The use of the term "-3dB frequency" is misleading if you know what that term usually means in electronics. It's not a -3db frequency at all, rather it's just the frequency where you get a maximum R-response. A picture is worth 900 words so...

XRvsFreq.jpg.c1850bd6e84da4e7f4f003f5db451bd5.jpg

Suppose we're talking about a copper coin of some kind. At 1kHz it has a small response magnitude at a phase just past 90°. Increase the frequency to 2kHz and the magnitude and phase both increase. Again for 5kHz, 10kHz, and 20kHz. The magnitude and phase always increase with increasing frequency. Seems like the target will be easier to detect at 20kHz, that's a big response.

Except... we don't look at the target magnitude. Instead, we only look at the R-response. The reason is that ground is phase-adjusted to lie along the 0° axis which means the X-response may have a lot of ground signal in it while the R-response has none. This means that only the R-channel is clean and useful for initial target indication. (When you listen to a threshold-based detector you are listening to the R-channel. If you hear ground noise then it's because the ground phase isn't properly adjusted and some of it is getting into the R-channel.)

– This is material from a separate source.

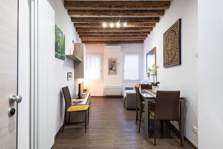 Magnifique appartement situé au cœur du quartier de Cannaregio. Localisation stratégique : à 10 minutes à pied de la gare routière et du terminus de bus, et à quelques pas de l'arrêt du Vaporetto. Un supermarché se trouve au coin de la rue, ainsi que beaucoup de bars, de cafés et de restaurants.
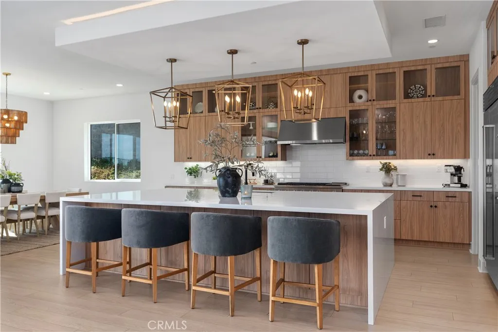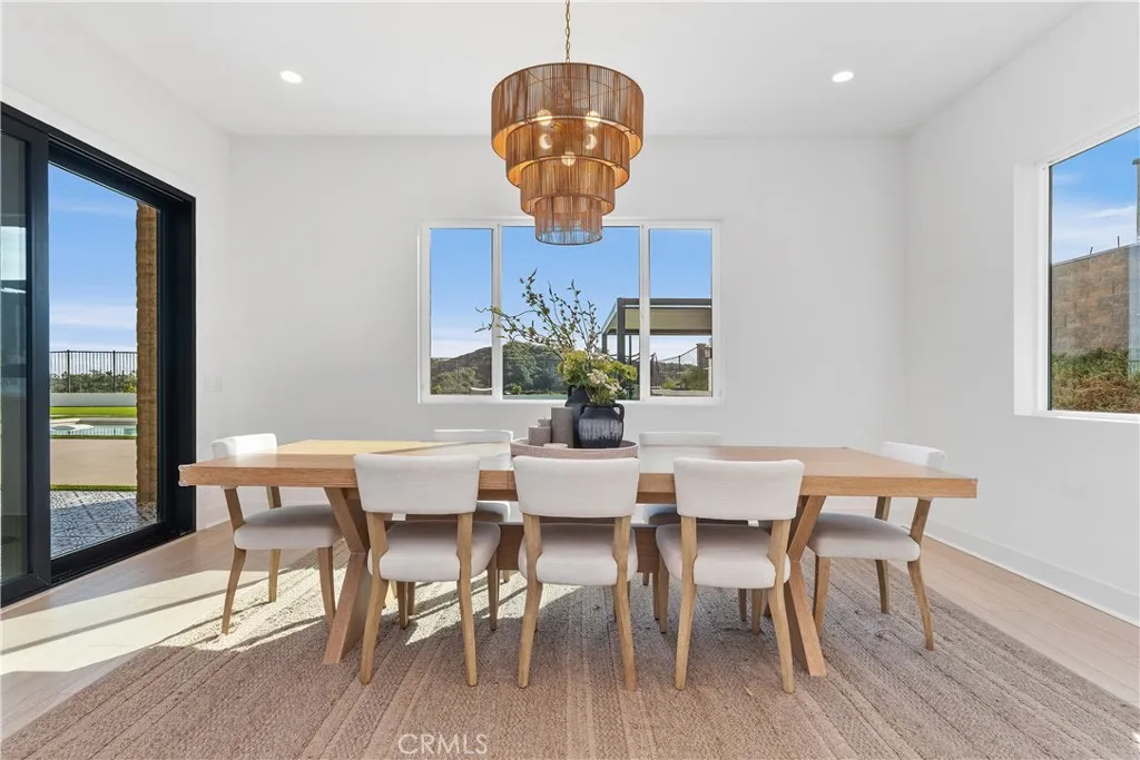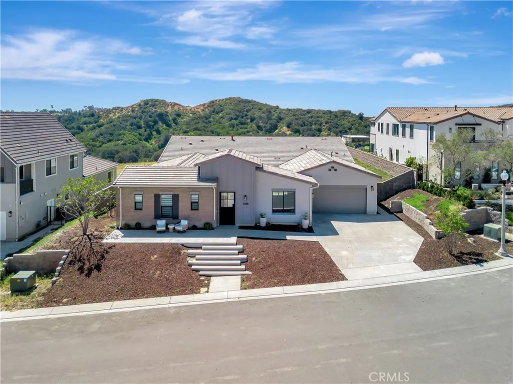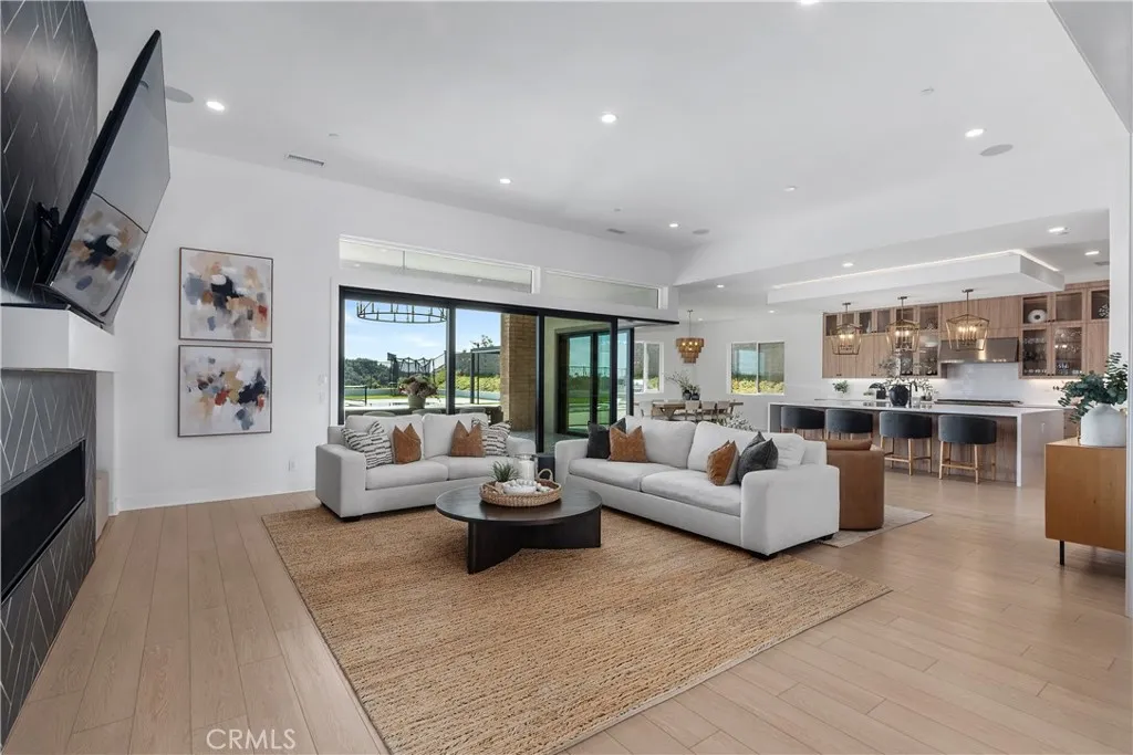 A rare offering of refined, single-story luxury, this exceptional estate seamlessly blends modern design with effortless California elegance—set on an expansive 18,336 square foot lot within the exclusive gated enclave of Saddle Crest, with breathtaking panoramic views of Silverado Canyon and Saddleback Valley. Thoughtfully curated with elevated finishes throughout, the home features four spacious bedrooms, four bathrooms, and a versatile office or flex space. Wide-plank flooring, designer LED lighting, and sophisticated details create a warm yet contemporary ambiance. At the heart of the home, the chef’s kitchen is both stunning and functional—appointed with professional-grade Café appliances, a 6-burner range with grill and griddle, a built-in Sub-Zero refrigerator, and a dramatic quartz waterfall island. The space opens seamlessly to the expansive family room, where a statement fireplace, surround sound, and seamless 90-degree glass doors that open to the outdoors. The true centerpiece of this property is the resort-caliber backyard—an extraordinary private retreat designed for both elevated entertaining and everyday enjoyment. Featuring a sparkling pool, a luxury outdoor BBQ and bar, and an inviting firepit lounge, the space is complemented by a rare private pickleball court—offering a one-of-a-kind lifestyle experience seldom found in Orange County. Whether hosting gatherings or enjoying quiet evenings under the stars, this backyard delivers an unmatched blend of recreation, relaxation, and resort-style living. The primary suite offers a serene escape with direct access to the outdoors, sweeping views, and a spa-inspired bath with soaking tub, rain shower, dual vanities, and a spacious walk-in closet. Secondary bedrooms are generously sized, including an en-suite. Additional highlights include owned solar with battery storage, tankless water heaters, EV prewire, and an oversized three-car garage, including an option for a gym. A rare opportunity to own a premier single-story estate—your own private resort with sweeping views, privacy, and exceptional amenities.

In this example the peak R-response is at 5kHz. This also corresponds to one-half of an eventual maximum X-response the target could possibly generate. Payne calls it the half-power/-3dB frequency which I don't care for because it doesn't correspond with the traditional use of those terms. Some people call it the resonant frequency which is even worse, there is no resonance at all. It's just a result of only using one-half of quadrature demodulation.

In any case, it is true that (everything else being equal) a 5kHz detector will detect this particular coin better than at other frequencies.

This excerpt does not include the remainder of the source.